BRIEF
I'd like the full listing transcribed exactly, with no images included.

** Opening RECORDED DATA block **

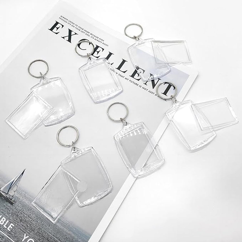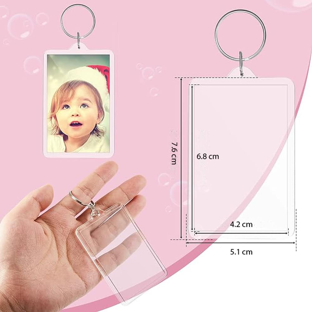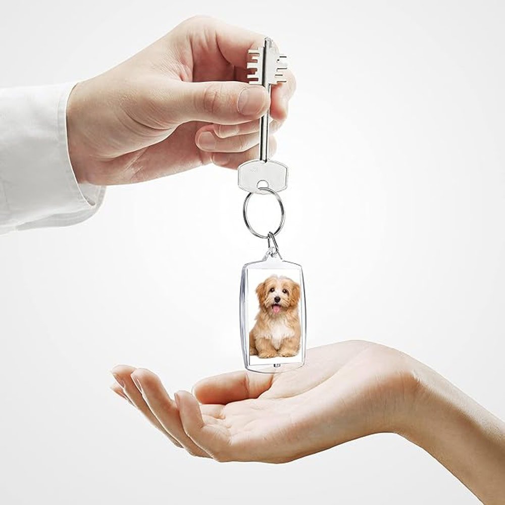 Breloc dreptunghiular transparent inserție foto vă permite să inserați o fotografie preferată sau o imagine amuzantă adăugând o notă personală vieții de zi cu zi.
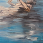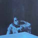 Au sein d’un polyptyque peint, la figure de Jasper John embué par l’ennui lors d’un vernissage est répété et décliné sur quatre toiles. Vaporeux sur les supports extérieurs, son image et sa silhouette se diluent progressivement dans la matière picturale des tableaux centraux. L’ensemble a été réalisé à partir d’une photographie réinvestie par la peinture. Au moyen d’une mise au carreau, l’artiste Youcef Korichi agrandit le modèle original, le répète et le déconstruit au sein d’une succession de toiles. Loin d’être corrigé, le flou à l’œuvre dans le modèle original est rejoué et exacerbé pour plonger le spectateur au cœur d’un jeu de surfaces et textures, au plus près de la matière.
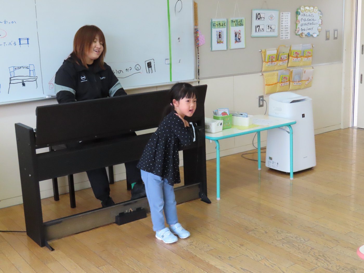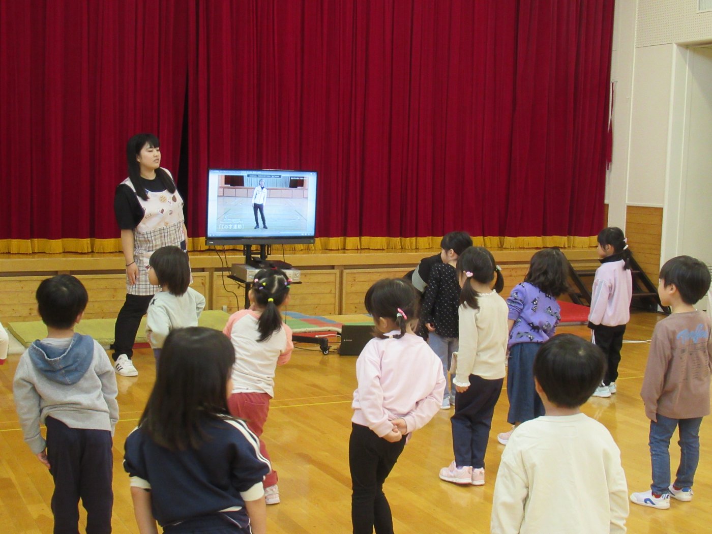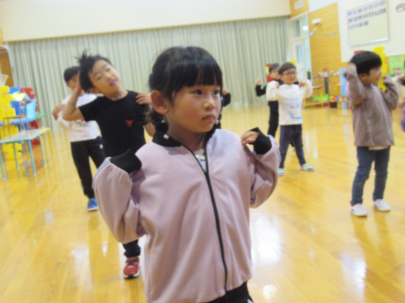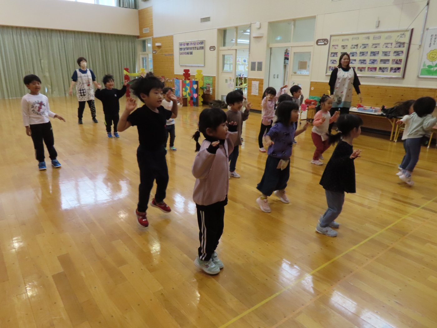 自園でも、学んできたことを子ども達に還元しようと『げんきっ子タイム』のように継続して取り組むことにしました。体の感覚を大切にするトレーニングで、正しい動きができるようになることが目的ではなく、どういう動きをすればいいのか考える時間、探っている過程が重要だそうです。
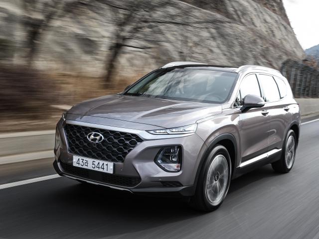 Wallpaper Silver car Hyundai Santa Fe, 2019 on the track

** Closing RECORDED DATA block **

YOUR SOLUTION
 Breloc dreptunghiular transparent inserție foto vă permite să inserați o fotografie preferată sau o imagine amuzantă adăugând o notă personală vieții de zi cu zi.
 Au sein d’un polyptyque peint, la figure de Jasper John embué par l’ennui lors d’un vernissage est répété et décliné sur quatre toiles. Vaporeux sur les supports extérieurs, son image et sa silhouette se diluent progressivement dans la matière picturale des tableaux centraux. L’ensemble a été réalisé à partir d’une photographie réinvestie par la peinture. Au moyen d’une mise au carreau, l’artiste Youcef Korichi agrandit le modèle original, le répète et le déconstruit au sein d’une succession de toiles. Loin d’être corrigé, le flou à l’œuvre dans le modèle original est rejoué et exacerbé pour plonger le spectateur au cœur d’un jeu de surfaces et textures, au plus près de la matière.
 自園でも、学んできたことを子ども達に還元しようと『げんきっ子タイム』のように継続して取り組むことにしました。体の感覚を大切にするトレーニングで、正しい動きができるようになることが目的ではなく、どういう動きをすればいいのか考える時間、探っている過程が重要だそうです。
 Wallpaper Silver car Hyundai Santa Fe, 2019 on the track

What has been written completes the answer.